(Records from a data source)

((

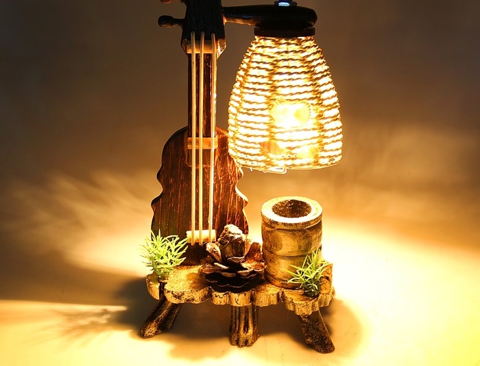 - Elegant confusion. Another simple idea that can be translated into reality, even being far from the design world, is a lamp tied up with threads. Bright thin threads in this case serve as an element of decor. They make the atmosphere in the room more comfortable and pleasant, because the wood is perfectly combined with textiles and with yarn. Another best option is to take a string. You can decorate the finished lamp this way or work with wood from scratch.
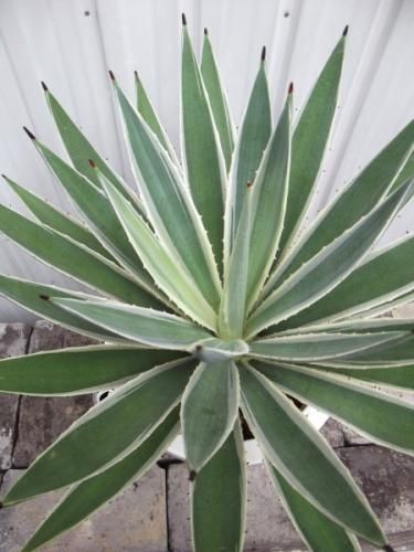 覆輪白斑が入る剣状葉の美しい姿のアガベです。葉の周縁には細かい刺があり、先端は鋭く尖っています。
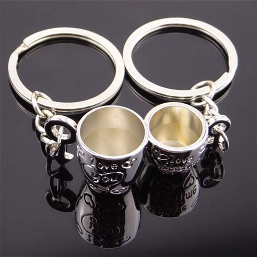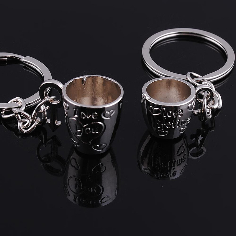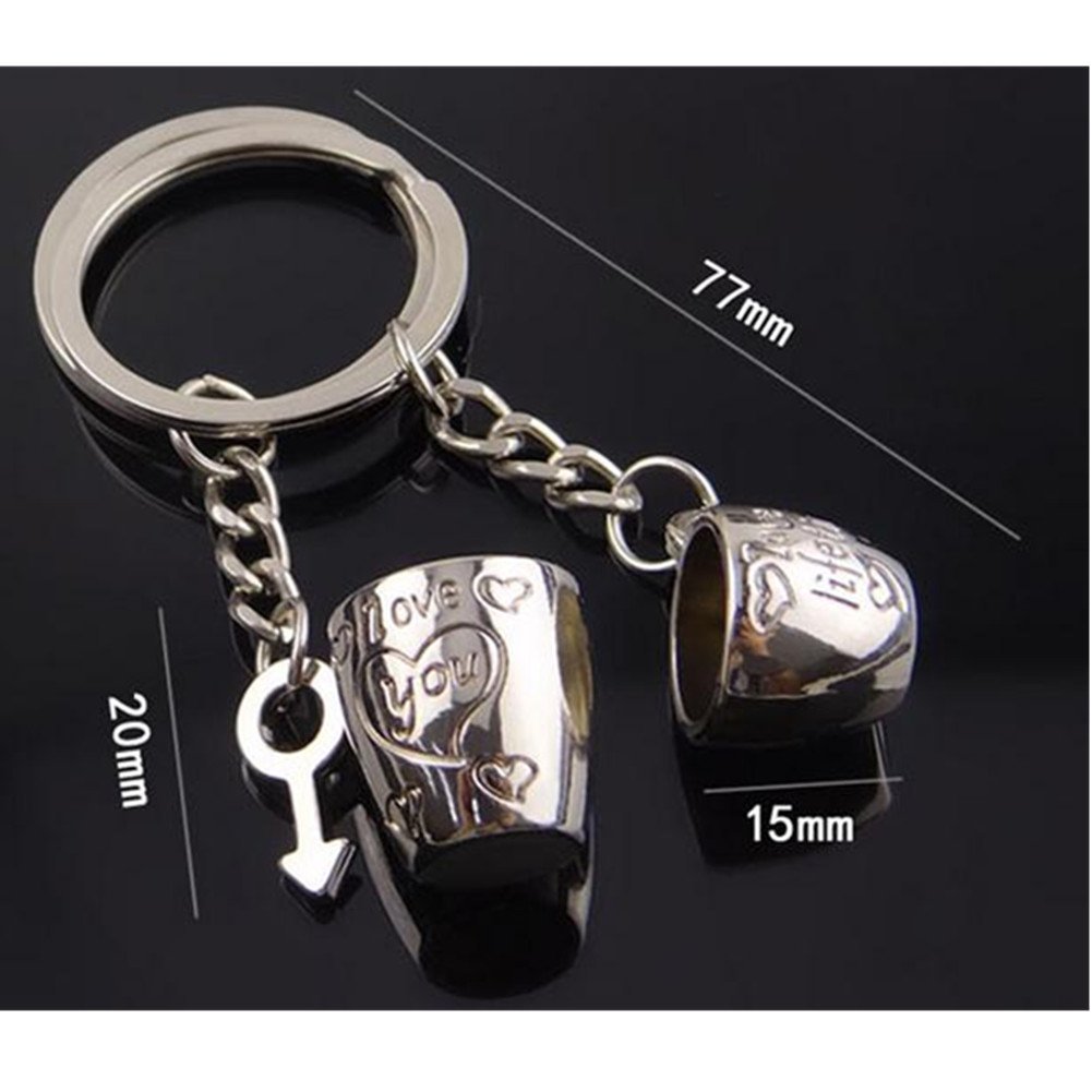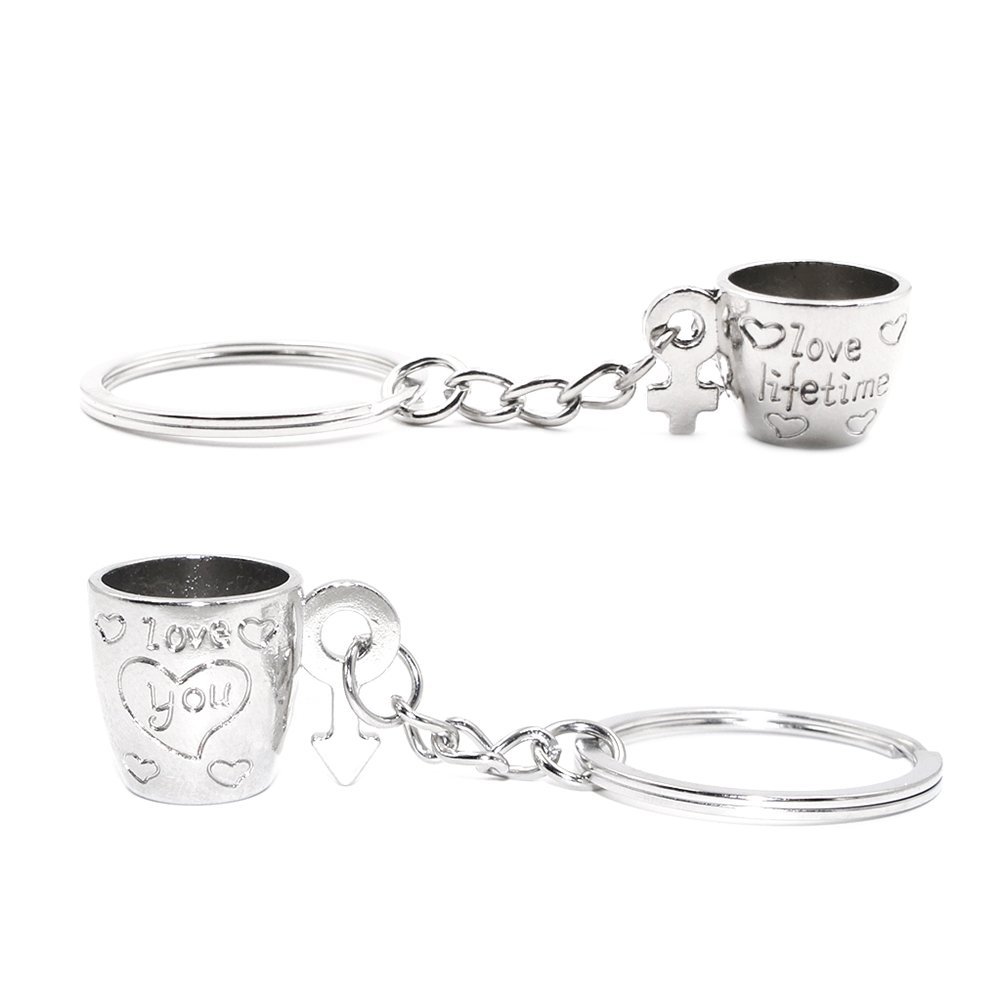 Love You Lovers Mugs Cups Mars Venus Sex Symbol Silver Metal Couple Keyrings Set
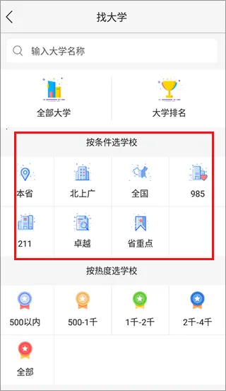 4、当然也可以按自身条件和热度来选择大学。
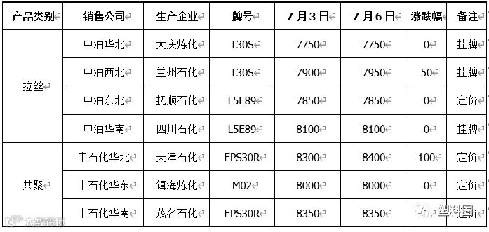 表2 石化出厂价格调整一览表(单位:元/吨)

))

*TASK REQUIREMENTS*: Return each record as written, minus its images.

*TASK RESULT*:
 - Elegant confusion. Another simple idea that can be translated into reality, even being far from the design world, is a lamp tied up with threads. Bright thin threads in this case serve as an element of decor. They make the atmosphere in the room more comfortable and pleasant, because the wood is perfectly combined with textiles and with yarn. Another best option is to take a string. You can decorate the finished lamp this way or work with wood from scratch.
 覆輪白斑が入る剣状葉の美しい姿のアガベです。葉の周縁には細かい刺があり、先端は鋭く尖っています。
 Love You Lovers Mugs Cups Mars Venus Sex Symbol Silver Metal Couple Keyrings Set
 4、当然也可以按自身条件和热度来选择大学。
 表2 石化出厂价格调整一览表(单位:元/吨)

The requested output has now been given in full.